Hazırlanacak besin eriyiğinin hangi bitki için, hangi mineralden kaç ppm (bir litredeki miligram) içermesi gerektiğine dair çoğu deneysel olmak üzere bir çok bilim adamının ve çeşitli üniversitelerin saptadıkları denenip sonuç alınmış değerler var. Bu değerlere formülasyonlar şeklinde ulaşılabiliyor. Hatta, aynı bitkinin farklı evrelerinde farklı formülasyonların daha uygun olduğuna dair saptanmış değerler de var.

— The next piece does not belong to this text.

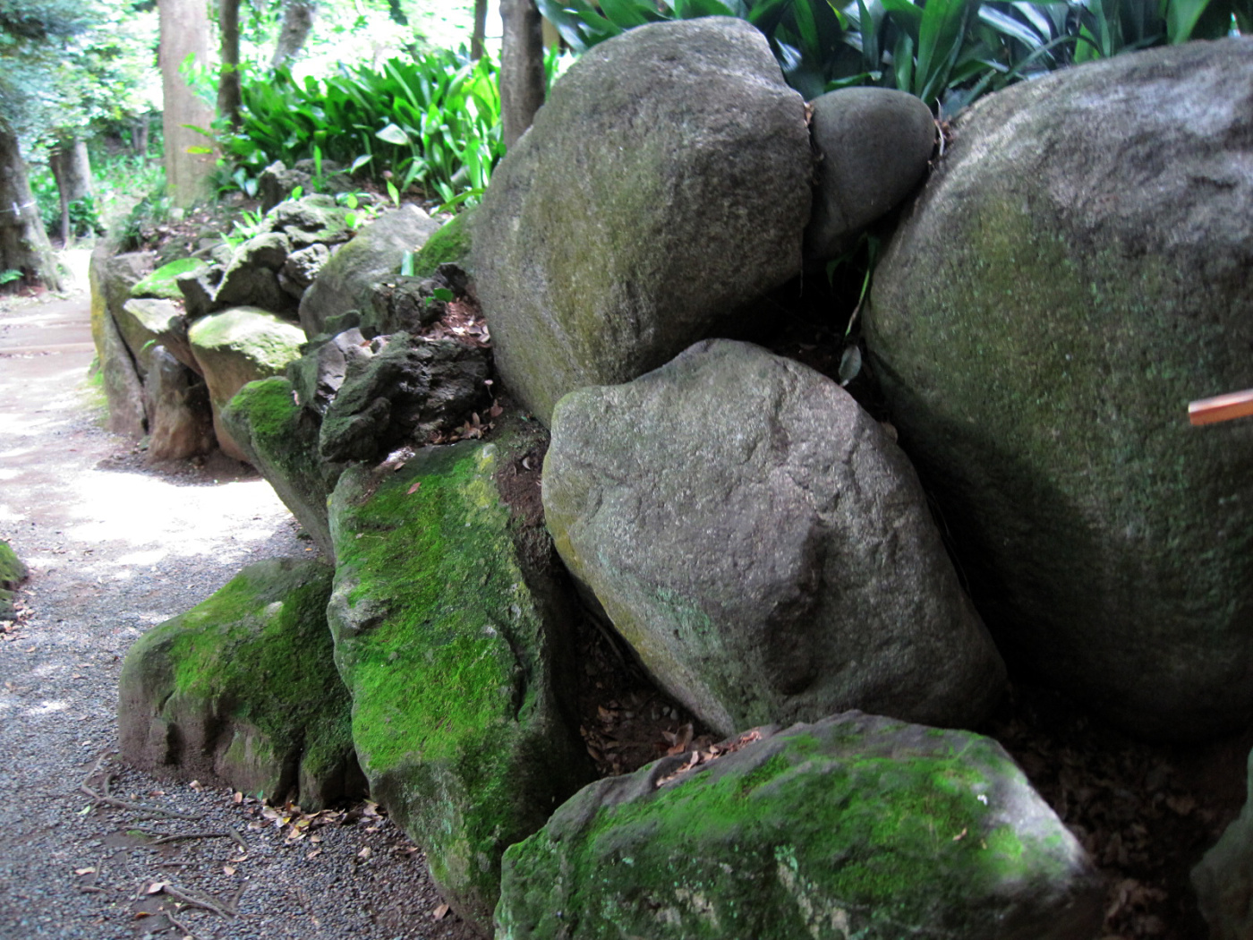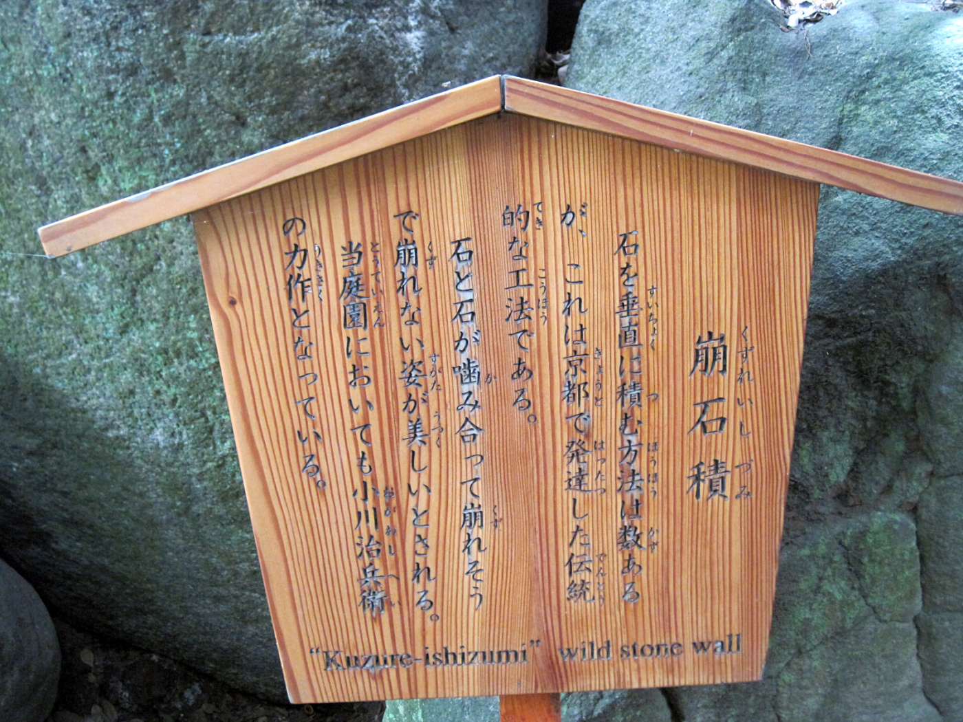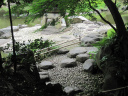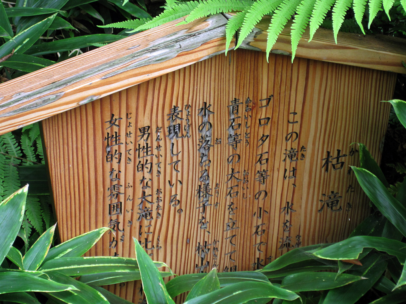 枯滝とは【枯山水に配置した滝。鏡石を水に見立て、垂直に落ちる滝を象徴したり、2段・3段に石を組んだものなど様々である。】と建築用語辞典です。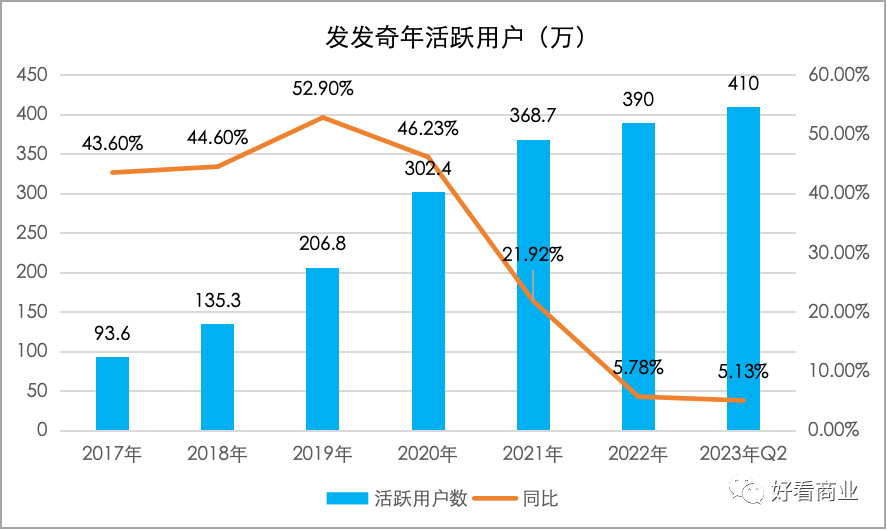財報數(shù)據(jù)也佐證了這一點。從2021年開始,F(xiàn)arfetch的年活躍用戶同比增速就在急劇下滑——從之前每年增長40%-50%驟降至21.92%;之后每況愈下。

Bu elementlerin suda eriyebilir bileşiklerinin molekül ağırlıkları ve elementlerin atom ağırlıkları bilgileri kullanılarak uygulanacak formülasyonun değerlerine ulaşacak şekilde gerekli malzemeler belirlenip, miktarları hesaplanabiliyor. Bu şekilde bitkinin bu güne kadar denenmiş en iyi mineral besin kombinasyonu ile beslenebilmesi sağlanabiliyor.

Meyvelitepe’de temel üretimimiz organik ve doğal tarım prensipleriyle, bundan sonra da öyle olmaya devam edecek. Ancak bu, farklı bir üretim tekniğini tüm boyutlarıyla anlamaya çalışmamıza, tüm bitkisel gıda üretim biçimleri ve bitki besleme şekilleri içinde konumlandırmaya çalışmamıza, dahası bir üretim tekniği olarak hidroponik bitki yetiştirmede uygulanabilecek bitki besleme usullerinin neler olabileceğini araştırmamıza engel değil. Henüz çok kısa bir zamanı kapsayan ilk araştırma ve denemelerimizde dahi doğal tarım yöntemlerimize de destek olabilecek sonuçlar çıkmaya başladı bile.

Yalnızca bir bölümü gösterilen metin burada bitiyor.